# MATERIAL FOR THIS EXERCISE:
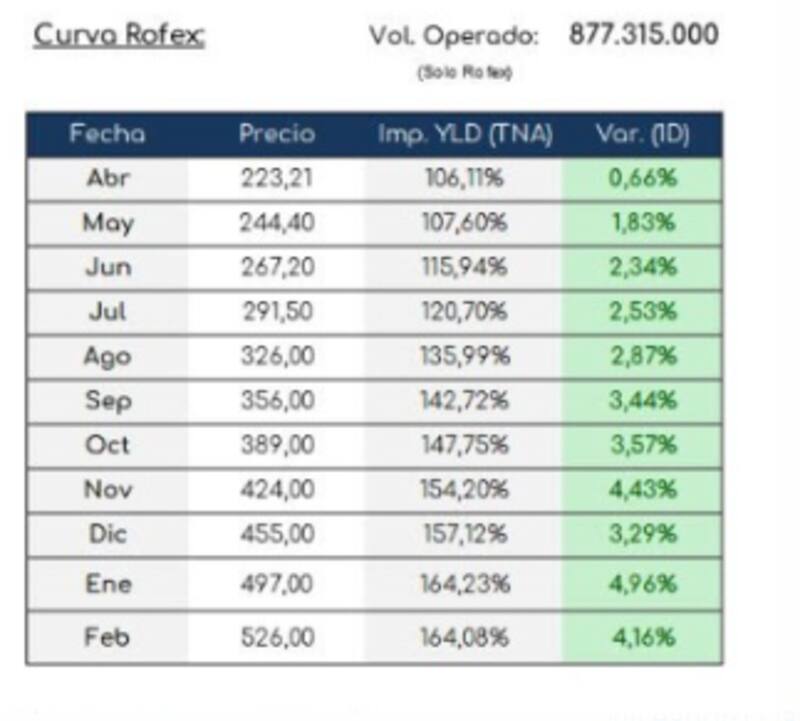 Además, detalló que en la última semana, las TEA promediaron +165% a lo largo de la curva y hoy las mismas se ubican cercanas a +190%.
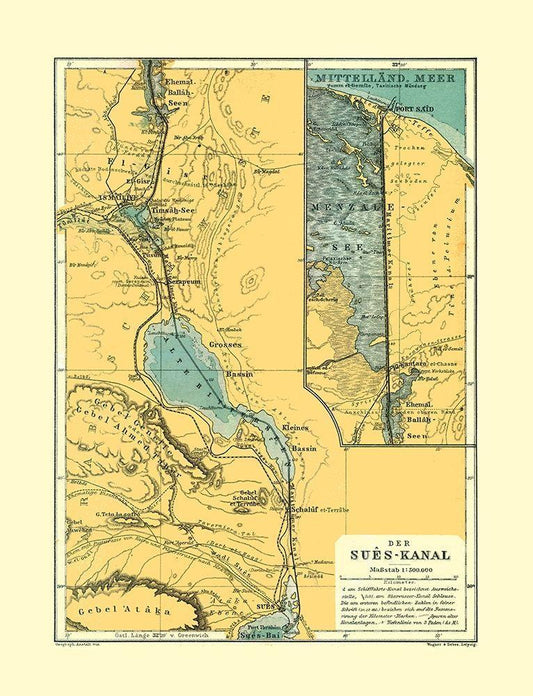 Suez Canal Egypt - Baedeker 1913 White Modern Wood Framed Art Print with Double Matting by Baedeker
* * *
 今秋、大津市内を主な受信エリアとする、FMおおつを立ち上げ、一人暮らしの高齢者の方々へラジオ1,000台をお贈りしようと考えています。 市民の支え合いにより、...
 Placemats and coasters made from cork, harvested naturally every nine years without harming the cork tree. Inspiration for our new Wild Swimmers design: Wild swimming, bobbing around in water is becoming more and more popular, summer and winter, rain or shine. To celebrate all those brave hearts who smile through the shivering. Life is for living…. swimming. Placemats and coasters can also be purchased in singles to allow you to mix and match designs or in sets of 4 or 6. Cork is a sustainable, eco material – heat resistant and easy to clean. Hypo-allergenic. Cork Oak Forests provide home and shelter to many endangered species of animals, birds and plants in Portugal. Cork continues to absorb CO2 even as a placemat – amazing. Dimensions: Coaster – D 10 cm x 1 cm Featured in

# INSTRUCTIONS FOR THE TASK:
Your answer should be the exact lines above from the one containing "Además, detalló que" through the one containing "Suez Canal Egypt", with both end lines kept and the pictures removed, please.

# ANSWER TO THE EXERCISE:
 Además, detalló que en la última semana, las TEA promediaron +165% a lo largo de la curva y hoy las mismas se ubican cercanas a +190%.
 Suez Canal Egypt - Baedeker 1913 White Modern Wood Framed Art Print with Double Matting by Baedeker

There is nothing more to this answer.